Moscow Exchange Plans to Issue Real Estate Digital Assets by 2024
The Moscow Exchange, the largest exchange in Russia, has announced plans to issue real estate digital assets in 2024. According to Sergei Kharinov, director of digital assets for the platform, this will lower the entry barrier for qualified and unqualified investors to put part of their portfolio into real estate assets.
Moscow Exchange Plans to Issue Housing Digital Assets
The Moscow Exchange, the largest exchange in Russia, has announced plans to issue housing and real estate blockchain-based digital assets for 2024. The exchange, which had proposed to complete a similar issuance back in August 2022, is involved in talks with housing and development companies to start this kind of operation next year, according to statements from Sergei Kharinov, director of digital assets of the platform.
The instruments would ostensibly lower the bar for qualified and unqualified investors to put part of their portfolios into construction and real estate commitments. Real estate developers and builders would also benefit from using these digital assets, having the opportunity to raise funds directly from investors and adding this income source to the traditional financing from banks.
Kharinov stated that, most likely, the instruments will be issued in the form of monetary claims against the issuer who has square meters.
Izvestia contacted Samolet Plus, a real estate developer that plans to launch digital investments in partnership with the Moscow Exchange, per General Director Denis Kondrakhin’s statements.
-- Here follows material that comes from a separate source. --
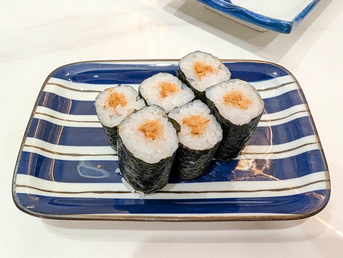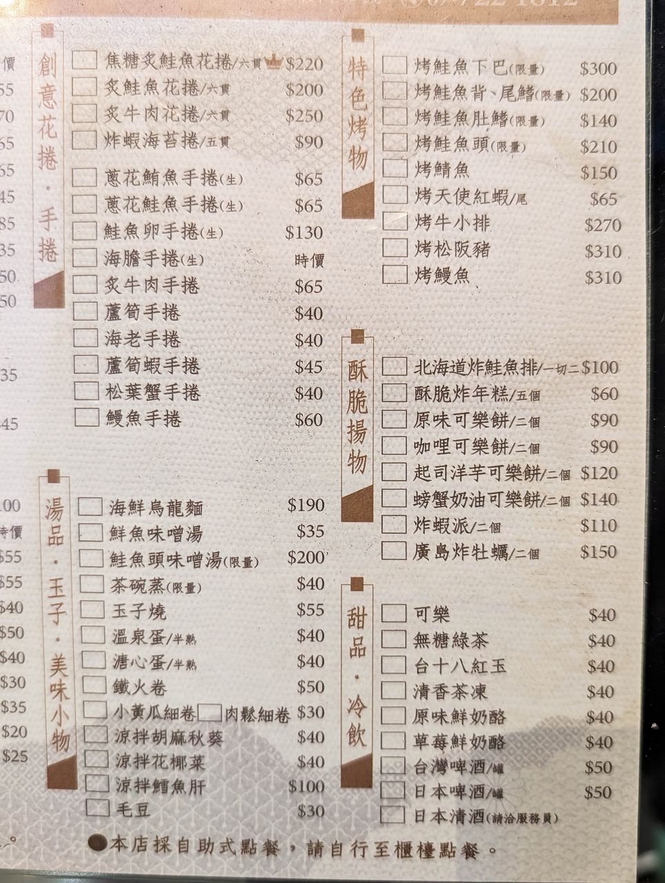這家供應的餐點主要有握壽司、炙燒壽司、生魚片、生食丼飯、熟食丼飯、軍艦壽司、花捲壽司、手捲、烤物、炸物、湯品、小菜、甜點、飲品等,

In addition, he stressed that this kind of product “will help attract a wide range of investors with small checks to real estate investments.”
Previous Attempts and Legislation
The Moscow Exchange is not the first financial institution to dabble in issuing blockchain-based housing and real estate digital assets in Russia. Three issuances of such instruments have happened before, with Samolet Plus being involved in two.
The third issuance was executed by another company called the G Group and allowed unqualified investors to profit 10% over the cost of their investment, including a bonus derived from the increase of the square meter area of the construction, said Pavel Sidorkin, director of products of Atomize Russia, the platform that facilitated the issuance of these digital assets.
These digital assets are already regulated and can only be issued by ten financial institutions previously approved by the Bank of Russia, including Sberbank of Russia, Alfa Bank, Atomize, Lighthouse, St. Petersburg Exchange, and Blockchain Hub.